Home > Other > Chemistry > Page 4
Chemistry Page 4

by Weike Wang


  This classmate and I never become friends. I wish I had kicked her.

  When I say this to the shrink, she says, Stand in front of a mirror. Your reflection is a way to deal with episodes of anger.

  But I’m not angry.

  Oh yes, you are.

  ···

  I am now tutoring more students. The ones who write down magnetism and electricity and circuits come to me because other tutors turn them away. Can you help? they ask. I will try. But it is not easy being teacher. How to stick to one topic for a set period of time. How to lesson plan.

  The things that I say:

  First things first, are you hungry? Do you like chips?

  Pen only so that I can see all of your mistakes and, hopefully, correct them.

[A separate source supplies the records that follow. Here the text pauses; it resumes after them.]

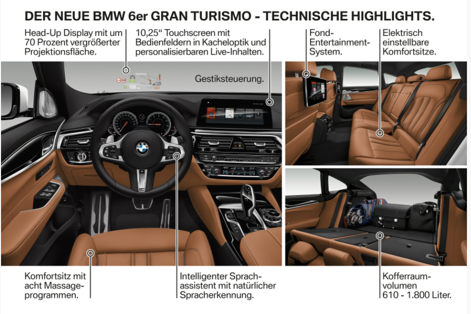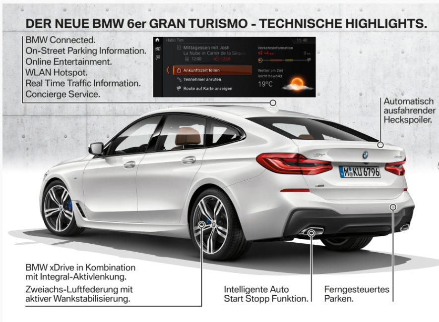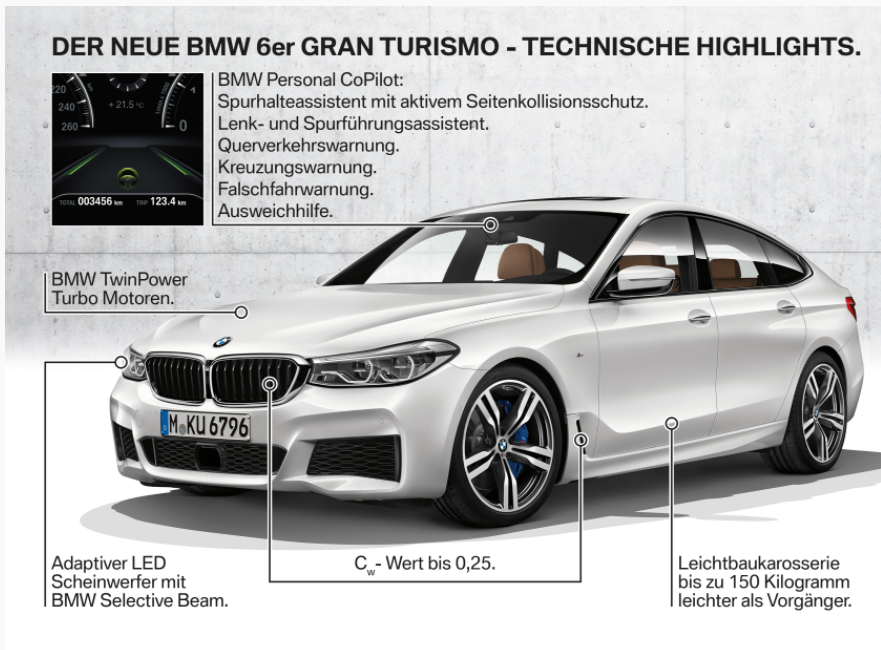 BMW präsentiert die umfangreich weiterentwickelte Neuauflage für eines der innovativsten Fahrzeugkonzepte der jüngeren Vergangenheit. Der neue BMW 6er Gran Turismo vereint den Reisekomfort einer Oberklasse-Limousine mit der faszinierenden Ästhetik eines Coupés. Die hohe Funktionalität des Karosseriekonzepts und der auf entspanntes Reisen ausgerichtete Fahr- und Raumkomfort sind Merkmale, die schon den Charakter des Vorgängers und Begründers dieser Fahrzeuggattung prägten und nun beim neuen BMW 6er Gran Turismo weiter perfektioniert wurden. Der konsequente Fortschritt gegenüber dem BMW 5er Gran Turismo zeigt sich in der sportlichen Eleganz, in besonders hochwertigen Ausstattungsmerkmalen, innovativen Bedien- und Assistenzsystemen sowie deutlich gesteigerter Dynamik und Effizienz.
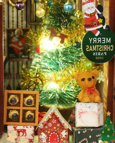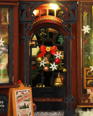 Kit de construction de maison miniature - Christmas Wonderland : créez votre propre boutique de cadeaux de Noël pleine de charme ! Avec ses détails conçus avec amour, tels qu'une vitrine remplie de cadeaux de Noël, un Père Noël souriant à la caisse et un bonhomme de neige devant la porte, cette maison miniature sera le clou de votre décoration de Noël. La porte à charnières révèle les riches détails de l'intérieur et vous plonge littéralement dans l'ambiance festive. Grâce aux autocollants pré-imprimés, l'assemblage est un jeu d'enfant. La boîte à musique et la housse de protection fournies créent une atmosphère de Noël très particulière sur votre étagère.
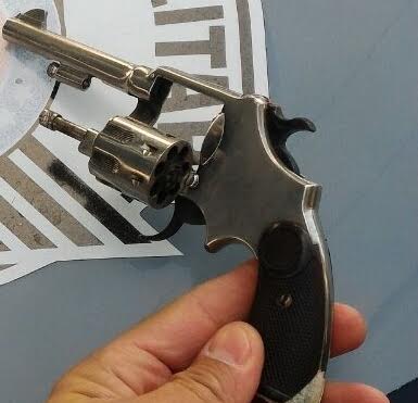 Por volta das 9 horas os policiais foram ao local e encontraram uma arma da marca Rossi 7 tiros, calibre 32, contendo duas munições intactas.
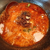 スープは、辛味はマイルドで、まろやかな口たり。奥行きがあり、複雑な味わい。
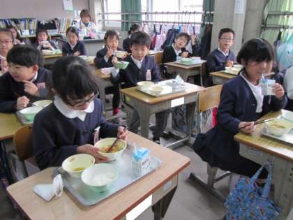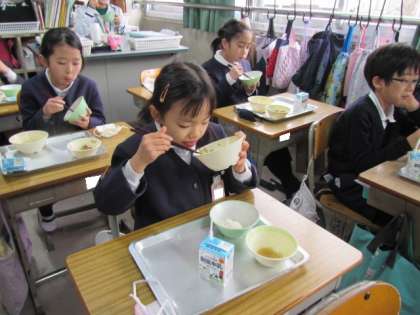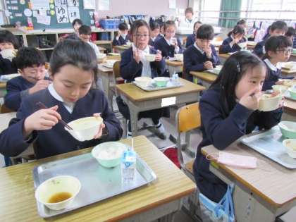 今日もみんなおいしそうに頂いています。昼になりかなり冷え込んできました。あったかいちゃんこ汁,うれしいね♪

  The chips are gone? They’re gone? All right, you stay here. I will go get more.

  During one session, a student who is trying to learn magnetism starts to tell me about where he grew up.

  On an island.

  In the middle of the Atlantic.

  Where there is only one dentist.

  Who is his father.

  I know he is only trying to kill time, but it is a compelling enough story that I let him finish. Then I tell him another story about teeth.

  Have you ever seen radium in person? It is one of those beautiful fluorescent chemicals. At the end of the twentieth century, it was being used to make glow-in-the-dark watches. To paint each watch, girls dipped their brushes in a pint of radium paint and then washed the paint off in their mouths.

  What is not known then is that ingest enough radium and it will go straight into your bones. Radium like calcium. There is a reason that these two are in the same column of the periodic table.

  The teeth of these girls were the first to decay.

  And then everything else.

  To completely rid a body of radium, you must cremate it and then boil it in hydrochloric acid.

  After this story, the student is ready to get back to magnetism. He passes me the blank worksheet we were supposed to have finished in this time.

  ·

  I read somewhere that a good teacher summarizes every lesson.

  Don’t drink the radium paint; drink water.

  At least three liters a day.

  I hand the worksheet back, completed.

  ···

  We are home. It is raining. The whole apartment has a wet dog smell to it. This happens because we have given him free rein of the furniture. A couch. A bed. A coffee table. Two rugs that he rolls around on as if they were grass. How does he get wet in the first place? Eric takes him outside. When it rains, the dog is thrilled. He is a strange dog that likes to get wet.

  Perhaps we don’t do enough together, I suggest to Eric. We don’t go anywhere anymore. Didn’t we used to do more?

  What do you want to do? he asks.

  What do you want to do? I ask.

  Later that week, the best friend says, Oh my god, he’s not made of glass, you know.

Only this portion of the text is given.